House Rules: A Novel Read online



  Everyone always talks about the proverbial icicle—stab someone and the murder weapon will melt—but it’s a long shot (a) that you will be able to grip that icicle long enough to inflict a wound and (b) that it won’t break off when it hits the skin before puncturing it. Mescaline sprinkled over someone’s salad would be subtler—the brown powder would be virtually indistinguishable mixed with vinaigrette, and you wouldn’t taste the bitter flavor, especially if there was chicory or arugula in the mix. But what if you only made your victim have a bad trip instead of die, and plus, where would you get your stash? You could take someone sailing and shove him overboard, preferably after getting him drunk, and say he fell accidentally—but then, you would need to have a boat. A mix of Vicodin and alcohol would slow the heart excessively, but your victim would have to pretty much be a party animal for a detective to not find that suspicious. I’ve heard of people who try to burn down a house after committing murder, but that never really works. The arson inspectors can trace where the fire started. Plus, a body has to be charred beyond recognition—and dental work—to not point a finger back at you. I wouldn’t recommend anything that leaves blood, either. It’s messy; you’ll need lots of bleach to clean it, and there’s bound to still be a drop left behind.
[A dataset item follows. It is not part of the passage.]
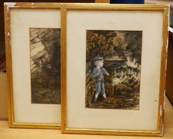 Late 19th century, English School, Rocky coastal scenes with figures, pair of watercolours, 23 x 16cm

  The conundrum of the perfect crime is complicated, because getting away with murder has very little to do with the mechanism of the killing and everything to do with what you do before and after. The only way to really cover a crime is to not tell a soul. Not your wife, not your mother, not your priest. And, of course, you have to have killed the right kind of person—someone who isn’t going to be looked for. Someone who nobody wants to see again.

  Theo

  Once, a girl came up to me in the cafeteria and asked me if I wanted to go to Jesus Camp. You will be saved, she told me, and man, I was tempted. I mean, it’s been pretty clear to me for a while that I’m going to hell, because of all the secret thoughts I’m not supposed to have about Jacob.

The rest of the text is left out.